Уже по вечерам седеет ствол

платана и упорствуют эолы,

раскачивая тяжких штор подол,

и отсвет ночника метут подолы.

 

И в доме тишина. Она сидит

в пижаме в кресле, и меня листает,

и жадный полумрак даёт в кредит

и блик, и тень. Их розница простая

 

вас примиряет с жизнью за окном,

с тоской водопровода в полвторого;

и воздух спит, мерцает волокно

ноябрьских заморозков, и пустеет слово,

 

слетая сгустком пара изо рта,

драконом смысла, что давно утрачен...

На перекрестке пляшет пустота,

чтобы согреться так или иначе.

 

* * *

 

От такого заката голуби сходили с ума,

уматывая – кто повыше, в слоистую вату его,

кто на карнизы и в слуховые окна, где тьма

была спокойнее этих тонов; и назвать волшебством

 

всё это было возможно, но более – магией; ей

только подвластно такое влияние на живое:

на птаху, собаку, прохожего; над соборами и далью полей

свисали цветные полосы и закат был, как ножевое

 

ранение из-за угла, и небо словно текло; и пекло

его сухожилья и мышцы, а меж домов, и рощ, и

над пустотой жнивья, – охлаждающий, как ночное стекло,

вился ветерок, торопя этот вечер; и дышалось проще.

 

Я вообще не раз не замечал закатов, глядя куда

угодно: вокруг, в себя, в никуда, в абсолютно чужое лицо

или мимо него, под ногами могла проскользнуть слюда

асфальта, литься смальта грязи, а жизнь казаться концом

 

всего или началом; а нынче как-то особенно проняло;

ощущение, точно нечто лопнуло и стряслось в глазах;

может, такое надо бы запоминать – день и число,

но память возьмёт у зрения, как у сердца берёт слеза.

 

И весь тот длинный вечер, и всю невозможную ночь

я боялся потери тебя в себе и себя в тебе, и

закат так и остался во мне, и было не превозмочь

тревоги, и листвы ещё не было, только почки, побеги…

 

Береги себя для грядущей судьбы, как жизнь самоё

себя умеет хранить, как ухо – понимать тишину.

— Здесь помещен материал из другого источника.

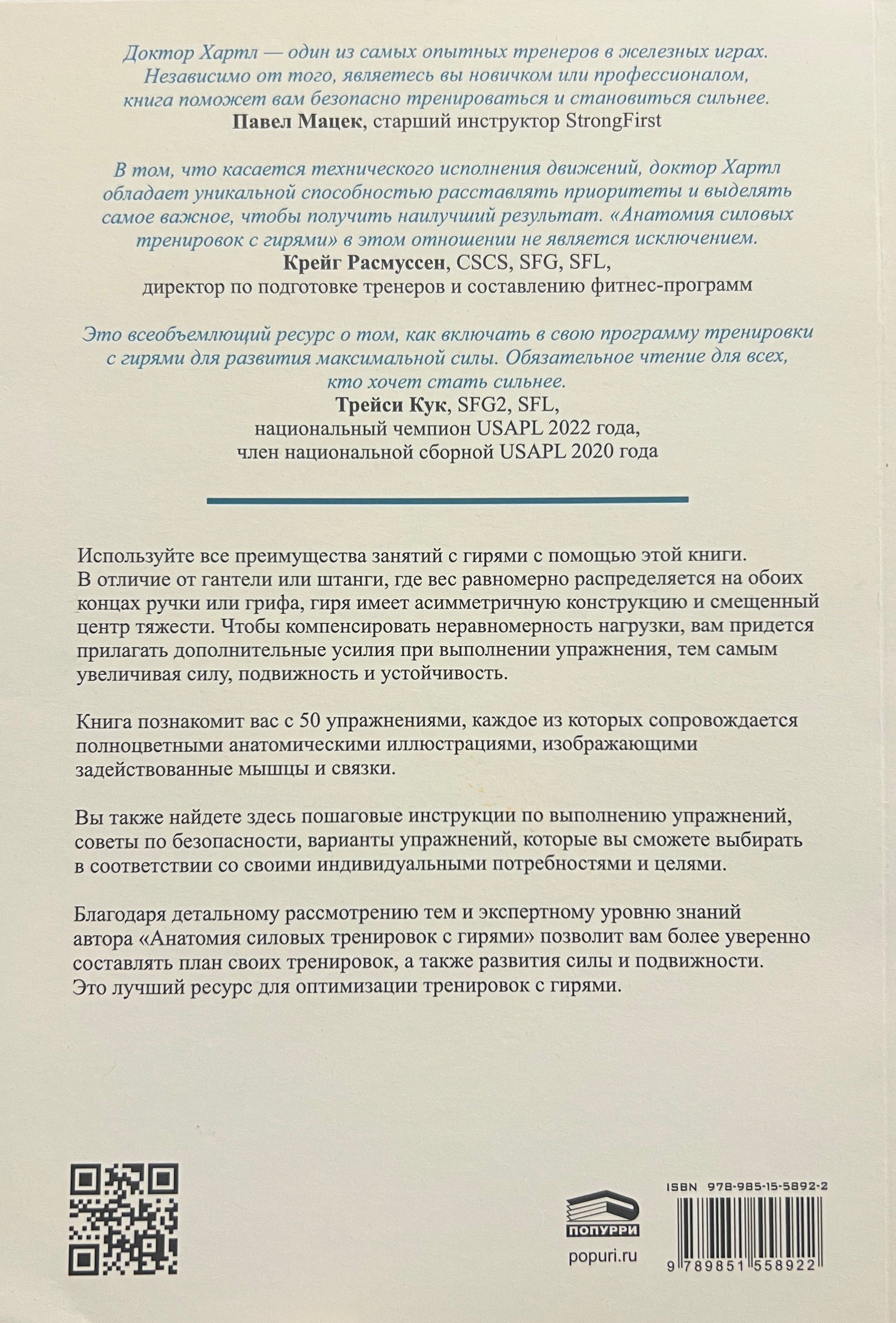 Благодаря детальному рассмотрению тем и экспертному уровню знаний автора книга позволит вам более уверенно составлять план своих тренировок, а также развития силы и подвижности. Это лучший ресурс для оптимизации тренировок с гирями.
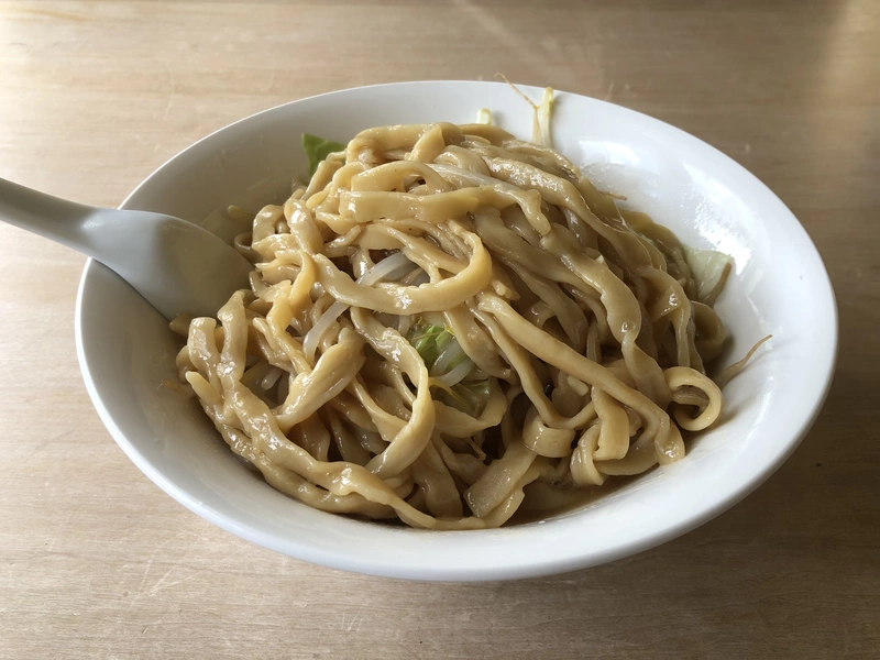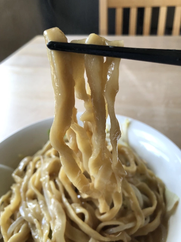 ゆるくウェーブのかかったワシワシごわごわの極太麺はもちっとした弾力を感じられ、ボリュームのある仕上がりに。濃厚スープとの最強タッグであなたの脳天に襲い掛かる!噛み応えも食べ応えも抜群!
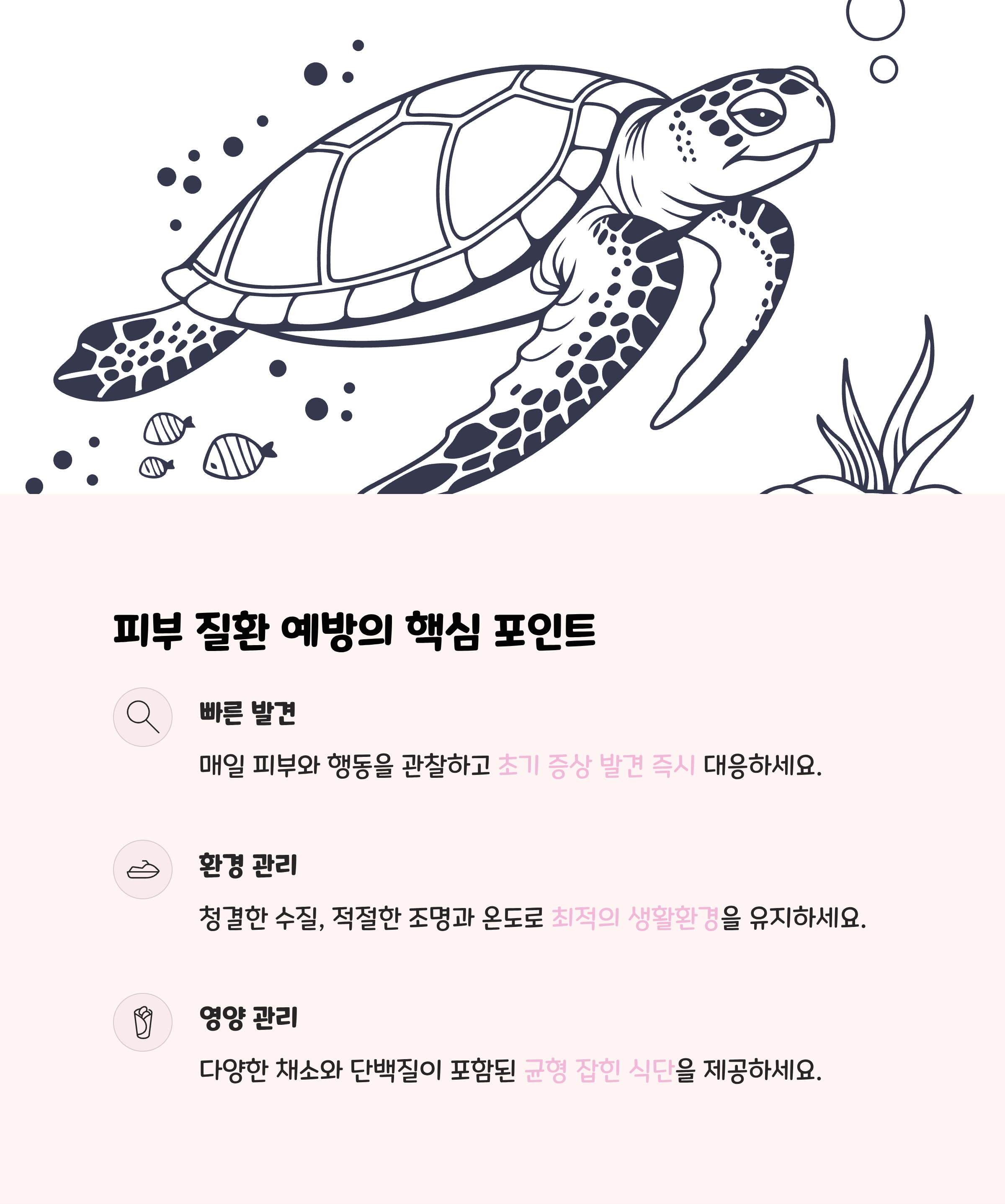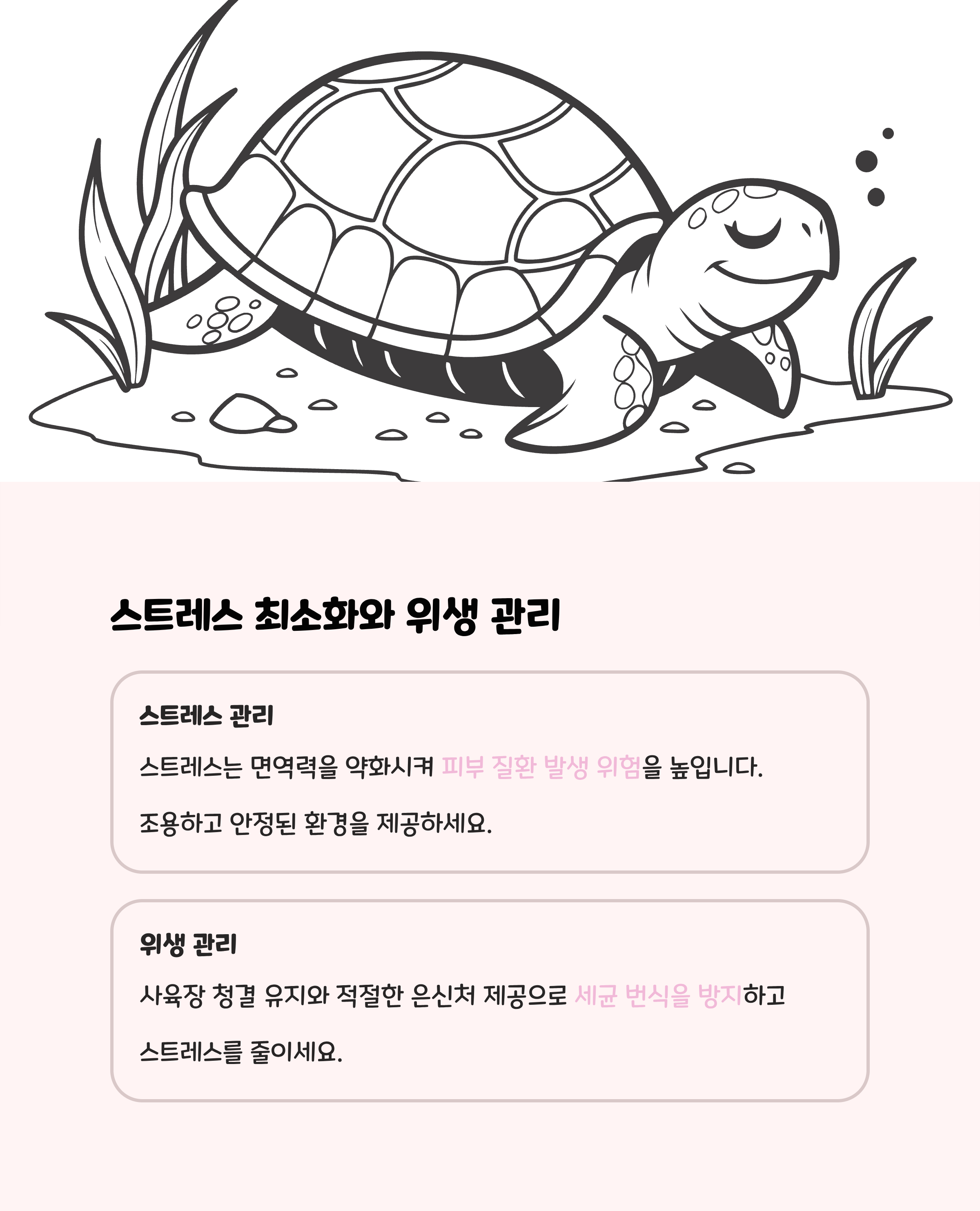 깨끗한 물이 거북이 피부병과 호흡기 감염 예방의 핵심이며, 수질 오염은 박테리아·곰팡이·기생충 번식을 촉진합니다.- UVB 자외선램프 설치 및 교체 주기 준수로 피부 건강과 면역력을 지원합니다.

Тот закат точно орал на всё небо, но когда поёт

тишина, это дороже мне, словно радость в печаль обернул.

 

* * *

 

Пепел кометы и соль отошедших морей,

в радости влага ливней и суша в печали,

свадьба в селе и кладбищенский крест на заре;

и неизвестно кто стоит за плечами:

голос невнятен, запаха не различить,

что-то нашёптывает, но никуда не ведёт, не

зовёт он – целокупно и голод и сыть,

и не отражается в зеркалах, уродина.

Вроде бы спутник, но из какого числа –

сон не подскажет и явь глазёнки потупит;

и ни хвала не нужна ему (ей), ни хула,

ни небесные хляби и ни водица в ступе.

То, о чём говорю, – бесстрастно, оно

просто присутствует, как океан или суша,

просто, как дальний звук, залетевший в окно

и, вылетая, способный совлечь и душу.

Запаха, цвета нет; пожалуй, один

только возраст – мой или Вечности имя…

Можно закрыть глаза, и тогда впереди

он обозначится, тут же сливаясь с иными.

 

Побережье

 

Слабоумие сна, когда бесконечный «Титаник»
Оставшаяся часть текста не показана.